■ Task directions:
Work through the data and report how many lines include the string "that", giving the number alone.

■ Exercise data:
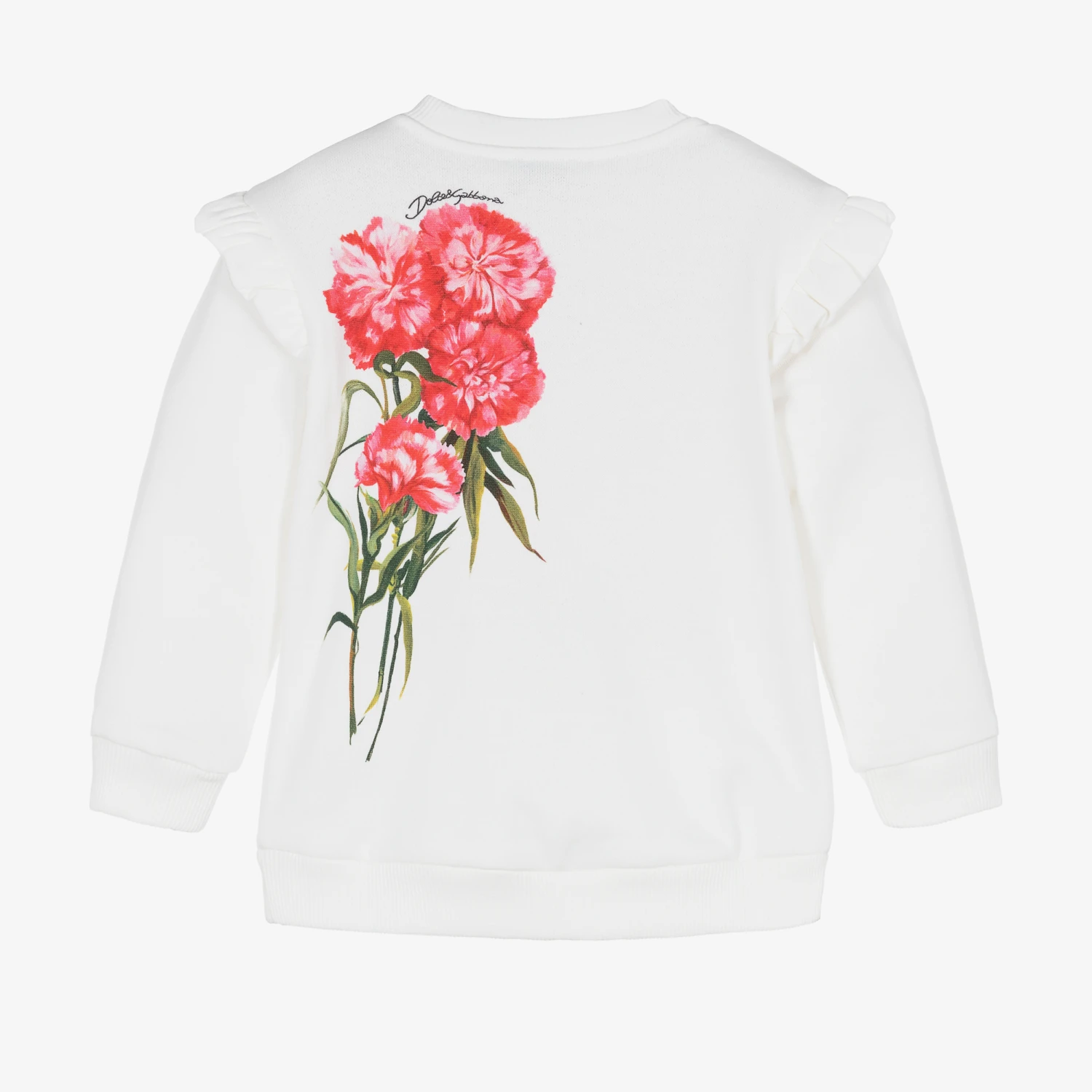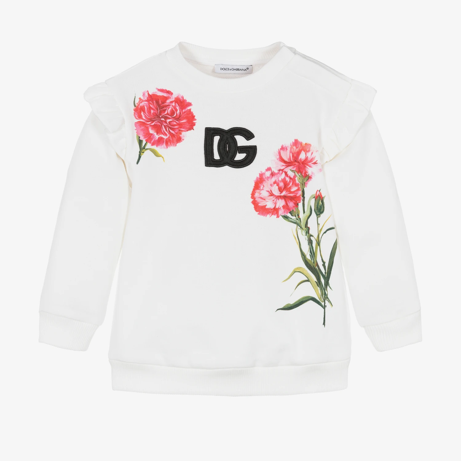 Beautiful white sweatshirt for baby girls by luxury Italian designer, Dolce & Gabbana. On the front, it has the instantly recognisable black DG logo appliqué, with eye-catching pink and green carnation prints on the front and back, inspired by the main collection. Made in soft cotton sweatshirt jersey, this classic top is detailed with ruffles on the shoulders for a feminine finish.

==

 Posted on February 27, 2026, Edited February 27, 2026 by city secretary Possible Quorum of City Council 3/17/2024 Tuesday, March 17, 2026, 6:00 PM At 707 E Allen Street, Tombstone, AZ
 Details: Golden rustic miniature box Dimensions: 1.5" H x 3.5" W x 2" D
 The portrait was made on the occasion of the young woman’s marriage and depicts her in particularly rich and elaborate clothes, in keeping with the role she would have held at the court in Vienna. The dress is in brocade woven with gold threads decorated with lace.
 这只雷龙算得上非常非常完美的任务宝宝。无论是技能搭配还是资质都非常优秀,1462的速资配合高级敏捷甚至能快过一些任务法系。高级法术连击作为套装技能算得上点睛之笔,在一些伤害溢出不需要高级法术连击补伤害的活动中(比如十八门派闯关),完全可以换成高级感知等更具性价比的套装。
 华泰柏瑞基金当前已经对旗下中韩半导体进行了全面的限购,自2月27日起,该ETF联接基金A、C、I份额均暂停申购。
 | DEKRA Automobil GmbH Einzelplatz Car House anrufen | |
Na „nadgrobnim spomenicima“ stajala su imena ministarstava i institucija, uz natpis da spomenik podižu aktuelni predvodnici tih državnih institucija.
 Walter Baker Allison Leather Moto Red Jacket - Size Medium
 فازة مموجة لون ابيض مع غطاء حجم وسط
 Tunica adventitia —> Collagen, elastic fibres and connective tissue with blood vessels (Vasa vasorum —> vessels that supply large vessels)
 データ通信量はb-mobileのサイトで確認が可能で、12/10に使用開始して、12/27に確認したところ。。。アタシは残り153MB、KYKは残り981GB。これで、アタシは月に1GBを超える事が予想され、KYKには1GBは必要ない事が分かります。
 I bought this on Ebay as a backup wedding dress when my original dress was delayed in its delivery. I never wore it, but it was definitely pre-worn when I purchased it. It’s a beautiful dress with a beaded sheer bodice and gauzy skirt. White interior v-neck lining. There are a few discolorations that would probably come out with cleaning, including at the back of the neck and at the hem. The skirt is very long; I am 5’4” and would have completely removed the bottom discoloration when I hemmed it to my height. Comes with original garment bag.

---

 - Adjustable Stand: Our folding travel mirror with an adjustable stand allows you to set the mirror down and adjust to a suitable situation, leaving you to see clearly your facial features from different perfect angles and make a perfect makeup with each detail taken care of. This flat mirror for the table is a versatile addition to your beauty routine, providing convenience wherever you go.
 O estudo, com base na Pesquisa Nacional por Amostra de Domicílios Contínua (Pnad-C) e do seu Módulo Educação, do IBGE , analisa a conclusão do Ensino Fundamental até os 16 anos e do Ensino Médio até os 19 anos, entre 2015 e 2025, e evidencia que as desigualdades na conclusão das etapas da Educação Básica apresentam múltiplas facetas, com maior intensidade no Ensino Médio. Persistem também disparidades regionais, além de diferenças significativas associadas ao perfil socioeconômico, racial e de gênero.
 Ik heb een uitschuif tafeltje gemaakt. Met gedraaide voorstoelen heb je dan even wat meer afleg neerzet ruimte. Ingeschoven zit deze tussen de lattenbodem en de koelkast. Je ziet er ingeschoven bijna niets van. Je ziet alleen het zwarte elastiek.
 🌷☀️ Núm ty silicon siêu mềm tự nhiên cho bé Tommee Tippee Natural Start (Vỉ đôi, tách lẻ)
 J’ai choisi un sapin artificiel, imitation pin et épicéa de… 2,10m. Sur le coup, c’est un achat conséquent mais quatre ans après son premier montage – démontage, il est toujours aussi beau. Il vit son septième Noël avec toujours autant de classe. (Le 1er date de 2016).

■ Completed task:
2